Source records
______

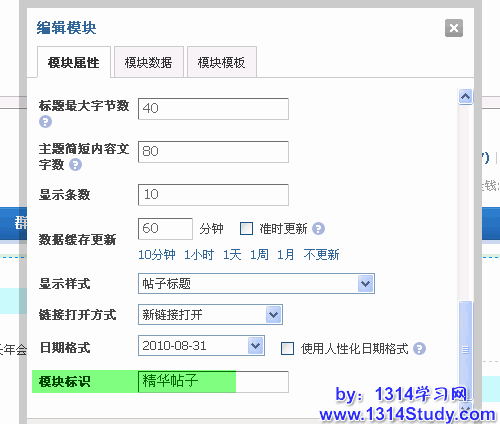 进入选择模块的页面,页面选择门户首页,会列出相应的模块数,模块选择把要帖子显示到哪个模块里,可以对应前台模块的显示位置,DIY 查看模块的标识来进行选择,如下图为精华帖模块。
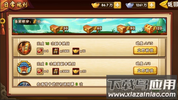 优先处理带有红点提示的任务,随后查看日常任务列表。完成日常可获得积分,积累积分开启宝箱,获取元宝与体力丹等必要资源。
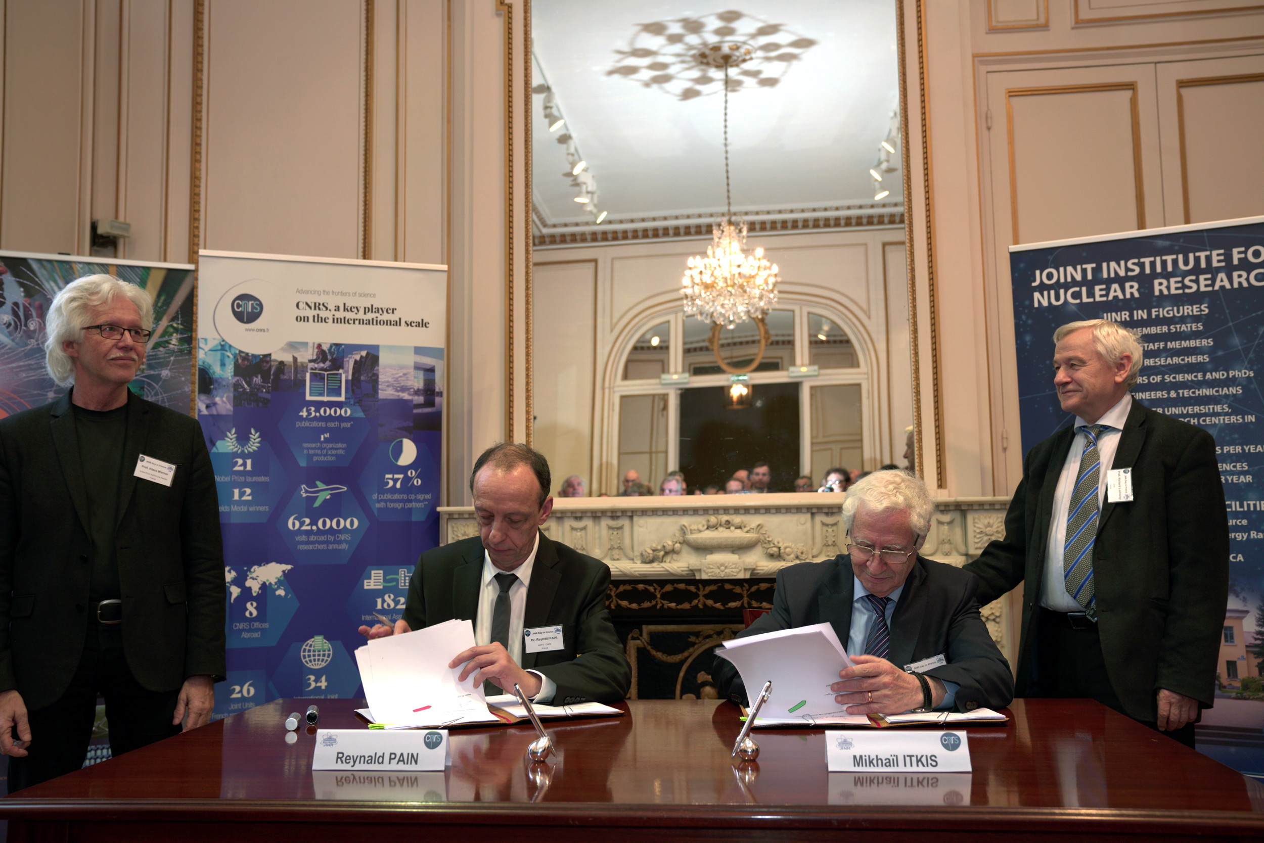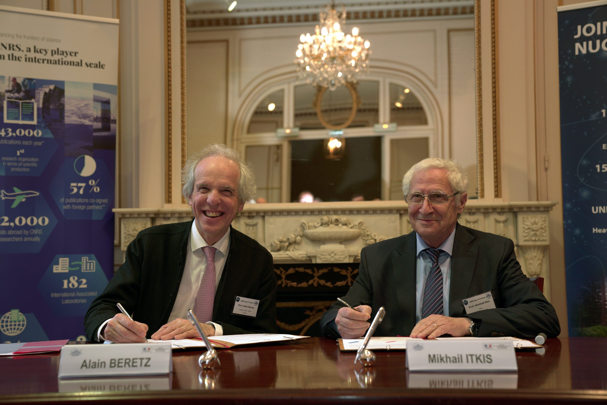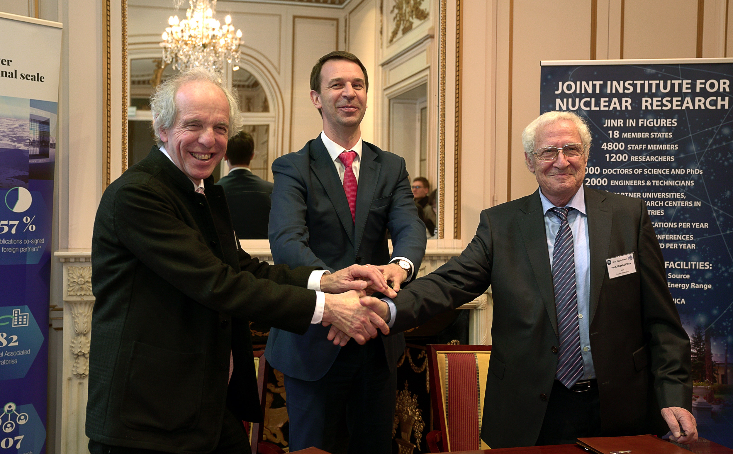 The meeting was organized by the National Centre for Scientific Research (CNRS) of France and took place in the Russian Centre for Science and Culture in Paris. More than 90 participants representing French scientific centres, universities and diplomatic missions of a number of the JINR Member States witnessed a great step forward to strengthening cooperation between France and JINR. A Letter of Intent was signed in the ceremonial atmosphere. The letter concerned signing a Memorandum of understanding by the French Government and the Joint Institute for Nuclear Research. The document reveals the parties’ intentions to make every effort to tackle all relevant organizational issues in a year. The document was signed by Director General for Research and Innovation of the Ministry for Higher Education, Research and Innovation (MESRI) of France Alain Beretz and JINR Vice-Director Mikhail Itkis.
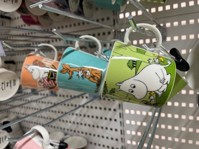 実は、先ほどのスーパーでも格安にARABIAが購入できます。お皿よりは、カップの方が品揃え豊富な印象がありました。例えば、先ほど前述したムーミンのカップは、こちらの方がリーズナブル! こちらも同じように先にスーパーを確認し、店舗で買いに行くのがおすすめです。
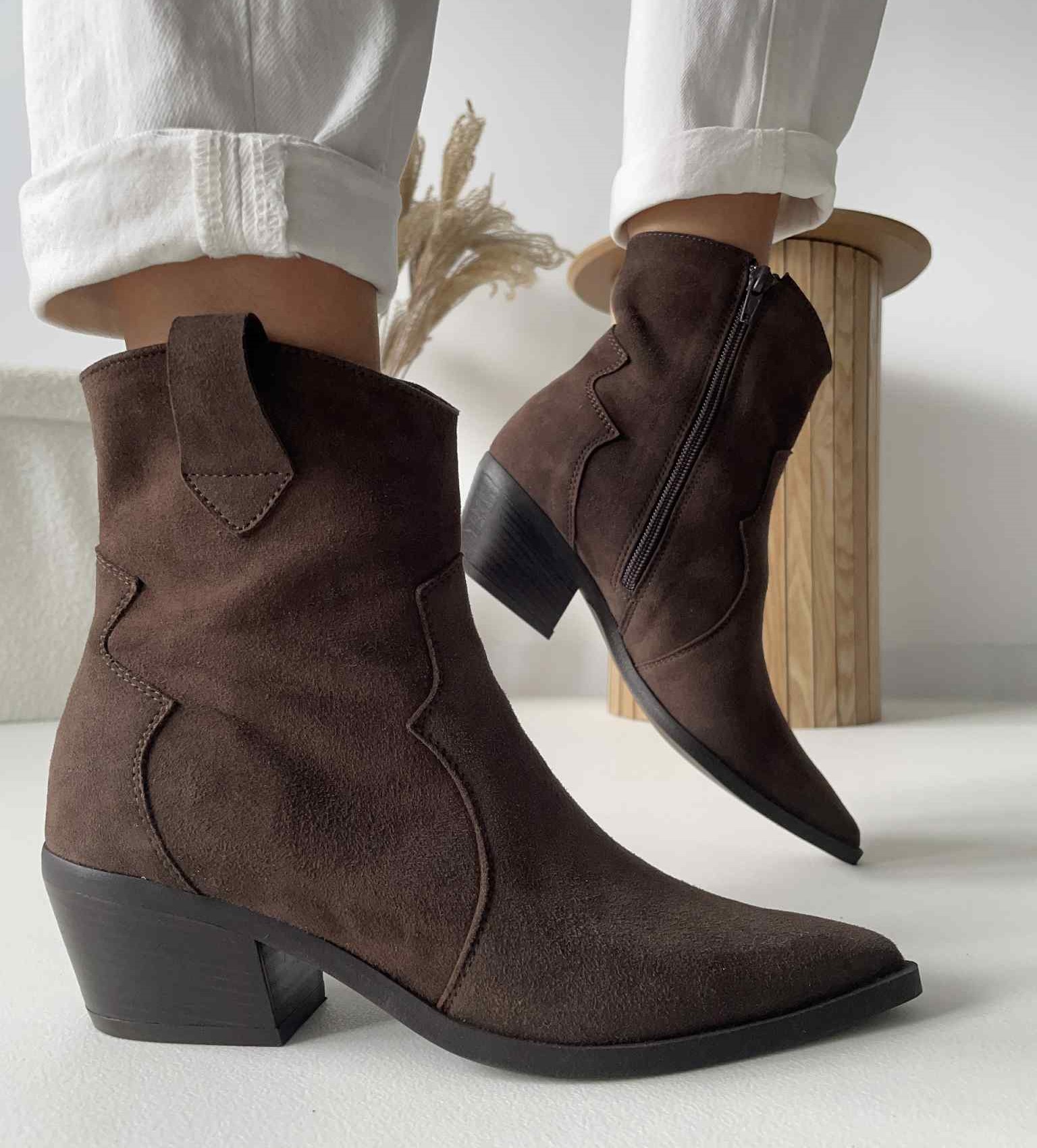 Botki Evett Cortena Czekoladowe Zamszowe Skóra Naturalna
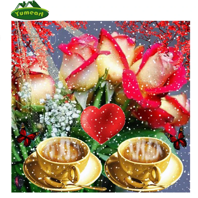 Красная роза, Цветочная вышивка из страз, кофе, сделай сам, алмазная живопись в форме сердца, любовь, роза, вышивка крестиком стразы, украшение для стен
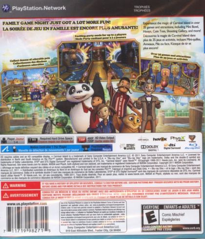 Explore Carnival Island alone or with friends , while playing games such as minibowl, ring toss, throwdown, and frogbog to earn tickets redeemable for prizes and collectibles. By completing challenges, players can create their own cheering squad consisting of lovable pets throughout their experience. Players can also have fun by interacting with fun house mirrors, photo cut-outs and upload snapshots of their experiences directly onto Facebook or send to a PlayStation®Network (PSN) friend.
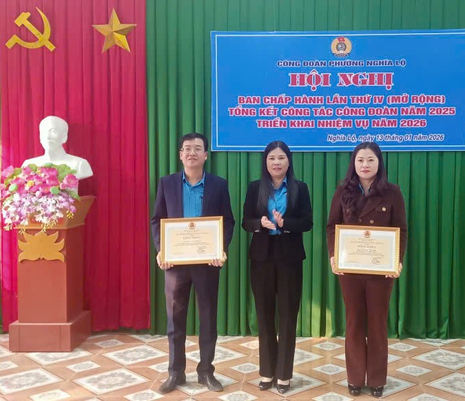 On this occasion, the Lao Cai Provincial Labor Federation awarded Certificates of Merit to the Nghia Lo Ward Trade Union, 3 grassroots trade unions and 4 typical individuals. The Ward Trade Union also commended many collectives and individuals with outstanding achievements in trade union activities and storm and flood prevention and control in 2025.
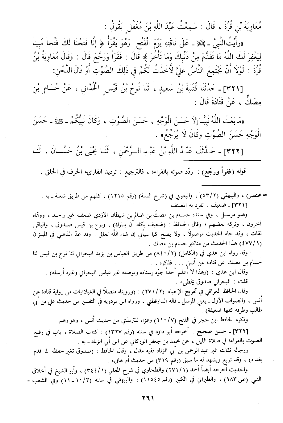 321 - حَدَّثَنَا قُتَيْبَةُ بْنُ سَعِيدٍ قَالَ: حَدَّثَنَا نُوحُ بْنُ قَيْسٍ الْحُدَّانِيُّ، عَنْ حُسَامِ بْنِ مِصَكٍّ، عَنْ قَتَادَةَ قَالَ: «§مَا بَعَثَ اللَّهُ نَبِيًّا إِلَّا حَسَنَ الْوَجْهِ، حَسَنَ الصَّوْتِ، وَكَانَ نَبِيُّكُمْ صَلَّى اللهُ عَلَيْهِ وَسَلَّمَ حَسَنَ الْوَجْهِ، حَسَنَ الصَّوْتِ، وَكَانَ لَا يُرَجِّعُ»
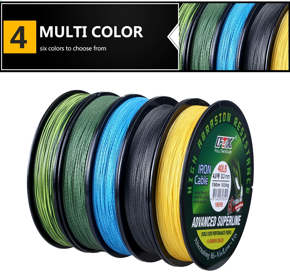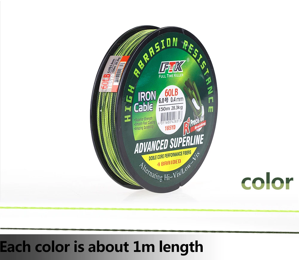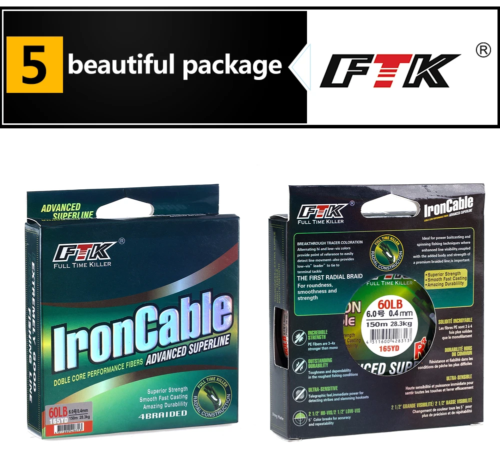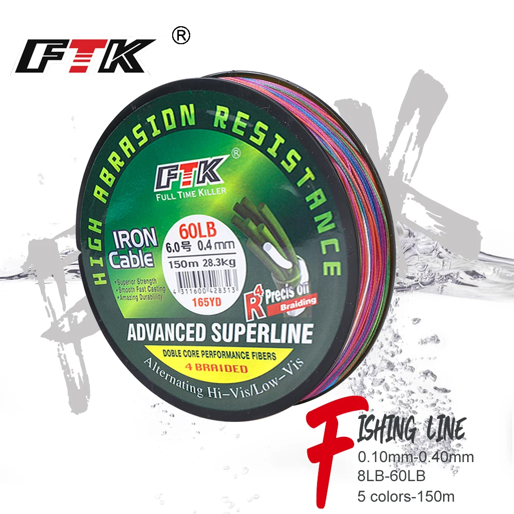 FTK-línea trenzada de 4 hebras, 150m, 5 colores, 8-60LB, multifilamento, PE, para pesca en agua salada
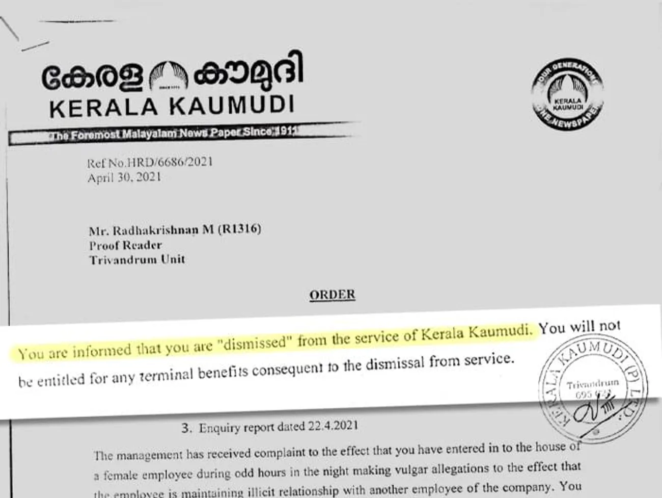 ഈ സമയമൊക്കെയും ഞാൻ പേട്ട പൊലീസ് സ്റ്റേഷനിൽ നൽകിയ പരാതിയിൽ അന്വേഷണം നടക്കുകയായിരുന്നു, ഞാൻ ജോലി ചെയ്യുന്ന സ്ഥാപനമായ കേരള കൗമുദിയും സംഭവത്തെക്കുറിച്ച് അന്വേഷിക്കാൻ പുറത്തുനിന്നുള്ള നിയമവിദഗ്ധൻ അദ്ധ്യക്ഷനായ ഒരു കമ്മിറ്റിയെ ചുമതലപ്പെടുത്തിയിരുന്നു. കേരള കൗമുദിയിൽ നൽകിയ പരാതിയിൽ അന്വേഷണം പൂർത്തിയാക്കി, ചെയ്ത കുറ്റത്തിന് കേരളകൗമുദിയിൽ പ്രൂഫ് റീഡറായി ജോലി ചെയ്തിരുന്ന എം. രാധാകൃഷ്ണനെ സ്ഥാപനത്തിൽ നിന്നും പിരിച്ചുവിട്ടു. കഴിഞ്ഞ ദിവസമാണ് എന്റെ പരാതിയിൽ സ്ഥാപനം സ്വീകരിച്ച നടപടികളെക്കുറിച്ചുള്ള ഔദ്യോഗിക അറിയിപ്പ് എനിക്ക് ഓഫീസിൽ നിന്ന് ലഭിച്ചത്. അതെനിക്ക് നൽകിയ ആശ്വാസമാണ് ഇപ്പോഴെങ്കിലും ഇത്രയെങ്കിലും എഴുതാനുള്ള ധൈര്യം എനിക്ക് നൽകുന്നത്.

______

*PROBLEM DETAILS:* The data is to be returned exactly as it stands, pictures aside.

*ANSWER FOR THIS EXERCISE:*
 进入选择模块的页面,页面选择门户首页,会列出相应的模块数,模块选择把要帖子显示到哪个模块里,可以对应前台模块的显示位置,DIY 查看模块的标识来进行选择,如下图为精华帖模块。
 优先处理带有红点提示的任务,随后查看日常任务列表。完成日常可获得积分,积累积分开启宝箱,获取元宝与体力丹等必要资源。
 The meeting was organized by the National Centre for Scientific Research (CNRS) of France and took place in the Russian Centre for Science and Culture in Paris. More than 90 participants representing French scientific centres, universities and diplomatic missions of a number of the JINR Member States witnessed a great step forward to strengthening cooperation between France and JINR. A Letter of Intent was signed in the ceremonial atmosphere. The letter concerned signing a Memorandum of understanding by the French Government and the Joint Institute for Nuclear Research. The document reveals the parties’ intentions to make every effort to tackle all relevant organizational issues in a year. The document was signed by Director General for Research and Innovation of the Ministry for Higher Education, Research and Innovation (MESRI) of France Alain Beretz and JINR Vice-Director Mikhail Itkis.
 実は、先ほどのスーパーでも格安にARABIAが購入できます。お皿よりは、カップの方が品揃え豊富な印象がありました。例えば、先ほど前述したムーミンのカップは、こちらの方がリーズナブル! こちらも同じように先にスーパーを確認し、店舗で買いに行くのがおすすめです。
 Botki Evett Cortena Czekoladowe Zamszowe Skóra Naturalna
 Красная роза, Цветочная вышивка из страз, кофе, сделай сам, алмазная живопись в форме сердца, любовь, роза, вышивка крестиком стразы, украшение для стен
 Explore Carnival Island alone or with friends , while playing games such as minibowl, ring toss, throwdown, and frogbog to earn tickets redeemable for prizes and collectibles. By completing challenges, players can create their own cheering squad consisting of lovable pets throughout their experience. Players can also have fun by interacting with fun house mirrors, photo cut-outs and upload snapshots of their experiences directly onto Facebook or send to a PlayStation®Network (PSN) friend.
 On this occasion, the Lao Cai Provincial Labor Federation awarded Certificates of Merit to the Nghia Lo Ward Trade Union, 3 grassroots trade unions and 4 typical individuals. The Ward Trade Union also commended many collectives and individuals with outstanding achievements in trade union activities and storm and flood prevention and control in 2025.
 321 - حَدَّثَنَا قُتَيْبَةُ بْنُ سَعِيدٍ قَالَ: حَدَّثَنَا نُوحُ بْنُ قَيْسٍ الْحُدَّانِيُّ، عَنْ حُسَامِ بْنِ مِصَكٍّ، عَنْ قَتَادَةَ قَالَ: «§مَا بَعَثَ اللَّهُ نَبِيًّا إِلَّا حَسَنَ الْوَجْهِ، حَسَنَ الصَّوْتِ، وَكَانَ نَبِيُّكُمْ صَلَّى اللهُ عَلَيْهِ وَسَلَّمَ حَسَنَ الْوَجْهِ، حَسَنَ الصَّوْتِ، وَكَانَ لَا يُرَجِّعُ»
 FTK-línea trenzada de 4 hebras, 150m, 5 colores, 8-60LB, multifilamento, PE, para pesca en agua salada
 ഈ സമയമൊക്കെയും ഞാൻ പേട്ട പൊലീസ് സ്റ്റേഷനിൽ നൽകിയ പരാതിയിൽ അന്വേഷണം നടക്കുകയായിരുന്നു, ഞാൻ ജോലി ചെയ്യുന്ന സ്ഥാപനമായ കേരള കൗമുദിയും സംഭവത്തെക്കുറിച്ച് അന്വേഷിക്കാൻ പുറത്തുനിന്നുള്ള നിയമവിദഗ്ധൻ അദ്ധ്യക്ഷനായ ഒരു കമ്മിറ്റിയെ ചുമതലപ്പെടുത്തിയിരുന്നു. കേരള കൗമുദിയിൽ നൽകിയ പരാതിയിൽ അന്വേഷണം പൂർത്തിയാക്കി, ചെയ്ത കുറ്റത്തിന് കേരളകൗമുദിയിൽ പ്രൂഫ് റീഡറായി ജോലി ചെയ്തിരുന്ന എം. രാധാകൃഷ്ണനെ സ്ഥാപനത്തിൽ നിന്നും പിരിച്ചുവിട്ടു. കഴിഞ്ഞ ദിവസമാണ് എന്റെ പരാതിയിൽ സ്ഥാപനം സ്വീകരിച്ച നടപടികളെക്കുറിച്ചുള്ള ഔദ്യോഗിക അറിയിപ്പ് എനിക്ക് ഓഫീസിൽ നിന്ന് ലഭിച്ചത്. അതെനിക്ക് നൽകിയ ആശ്വാസമാണ് ഇപ്പോഴെങ്കിലും ഇത്രയെങ്കിലും എഴുതാനുള്ള ധൈര്യം എനിക്ക് നൽകുന്നത്.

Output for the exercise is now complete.